Aim of the exercise |
These records contain pictures, which must be left out; copy exactly the lines from the one with "Fullcount | 6843HW" up to and including the one with "Our lunch at".

Records supplied |
_ _ _ _
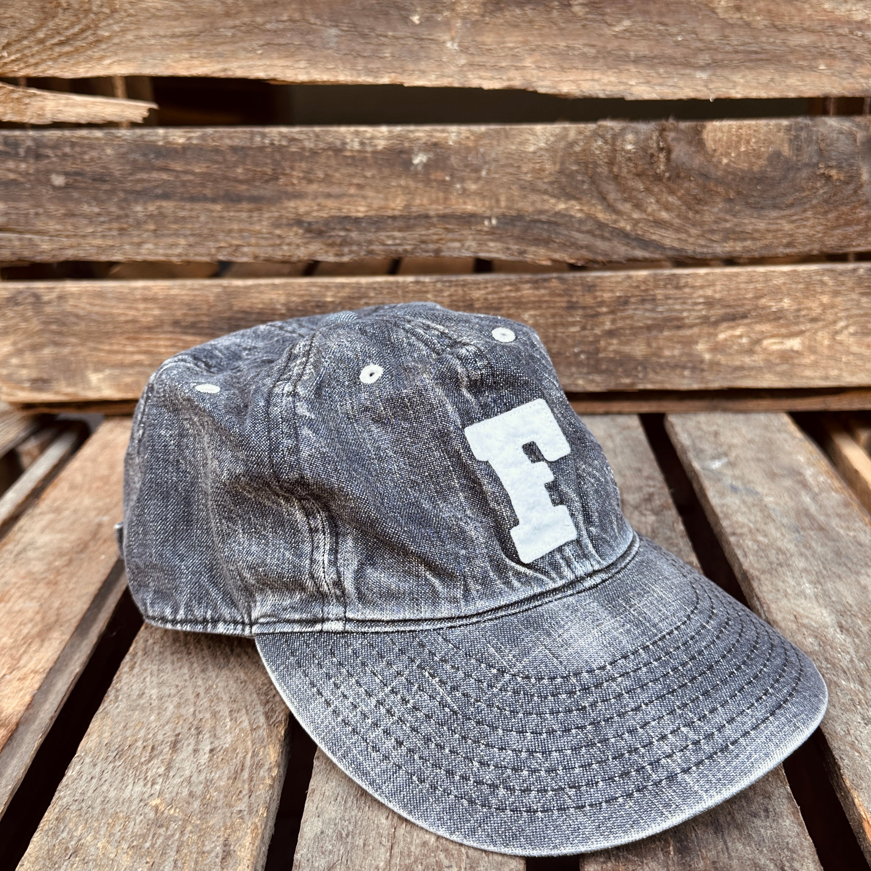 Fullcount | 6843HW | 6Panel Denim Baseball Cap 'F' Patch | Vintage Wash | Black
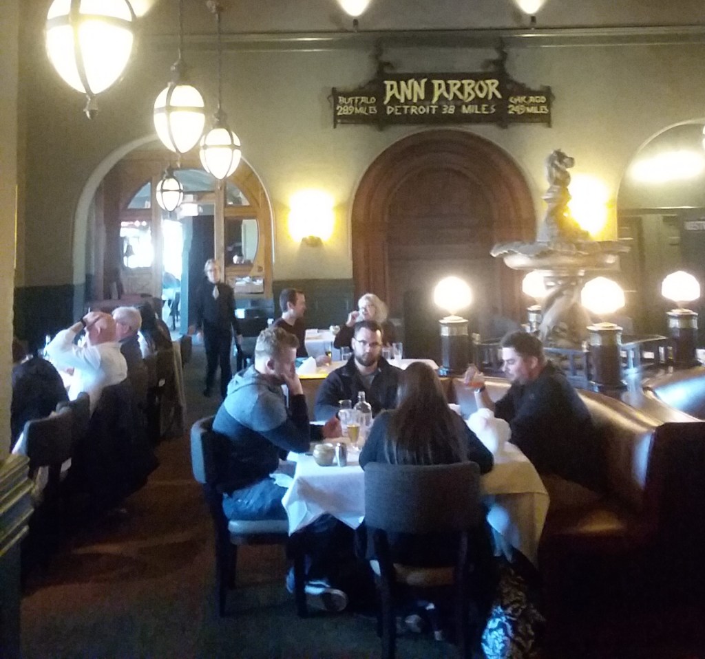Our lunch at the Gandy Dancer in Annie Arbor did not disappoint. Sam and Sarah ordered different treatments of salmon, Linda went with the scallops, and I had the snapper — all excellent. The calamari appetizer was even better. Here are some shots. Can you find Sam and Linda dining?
_ _ _ _
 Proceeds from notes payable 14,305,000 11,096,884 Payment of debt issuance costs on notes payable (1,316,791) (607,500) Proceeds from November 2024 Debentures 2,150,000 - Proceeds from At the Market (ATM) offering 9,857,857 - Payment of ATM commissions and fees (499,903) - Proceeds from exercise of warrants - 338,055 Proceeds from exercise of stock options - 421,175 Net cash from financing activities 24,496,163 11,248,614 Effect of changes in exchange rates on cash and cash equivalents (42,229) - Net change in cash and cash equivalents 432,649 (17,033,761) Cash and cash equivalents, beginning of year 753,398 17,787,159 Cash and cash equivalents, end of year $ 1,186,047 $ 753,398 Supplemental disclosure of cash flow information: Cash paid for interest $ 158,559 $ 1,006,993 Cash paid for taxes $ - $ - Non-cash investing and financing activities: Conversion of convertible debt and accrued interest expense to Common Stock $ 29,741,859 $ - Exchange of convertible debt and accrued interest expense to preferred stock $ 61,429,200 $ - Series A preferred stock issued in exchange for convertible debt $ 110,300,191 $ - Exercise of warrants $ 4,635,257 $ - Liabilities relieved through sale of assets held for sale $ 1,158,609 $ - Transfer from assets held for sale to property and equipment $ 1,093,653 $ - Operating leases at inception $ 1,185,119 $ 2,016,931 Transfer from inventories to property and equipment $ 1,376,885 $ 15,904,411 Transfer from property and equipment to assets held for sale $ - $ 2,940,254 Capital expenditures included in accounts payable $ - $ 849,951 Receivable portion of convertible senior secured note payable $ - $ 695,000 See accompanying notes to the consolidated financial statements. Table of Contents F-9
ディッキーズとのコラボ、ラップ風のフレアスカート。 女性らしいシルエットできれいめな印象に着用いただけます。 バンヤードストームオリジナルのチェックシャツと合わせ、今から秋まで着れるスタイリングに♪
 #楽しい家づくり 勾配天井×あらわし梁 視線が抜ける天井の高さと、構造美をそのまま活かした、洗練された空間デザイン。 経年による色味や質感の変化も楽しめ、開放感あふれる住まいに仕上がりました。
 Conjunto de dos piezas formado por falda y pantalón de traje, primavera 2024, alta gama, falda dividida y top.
_ _ _ _
Written answer |
 Fullcount | 6843HW | 6Panel Denim Baseball Cap 'F' Patch | Vintage Wash | Black
Our lunch at the Gandy Dancer in Annie Arbor did not disappoint. Sam and Sarah ordered different treatments of salmon, Linda went with the scallops, and I had the snapper — all excellent. The calamari appetizer was even better. Here are some shots. Can you find Sam and Linda dining?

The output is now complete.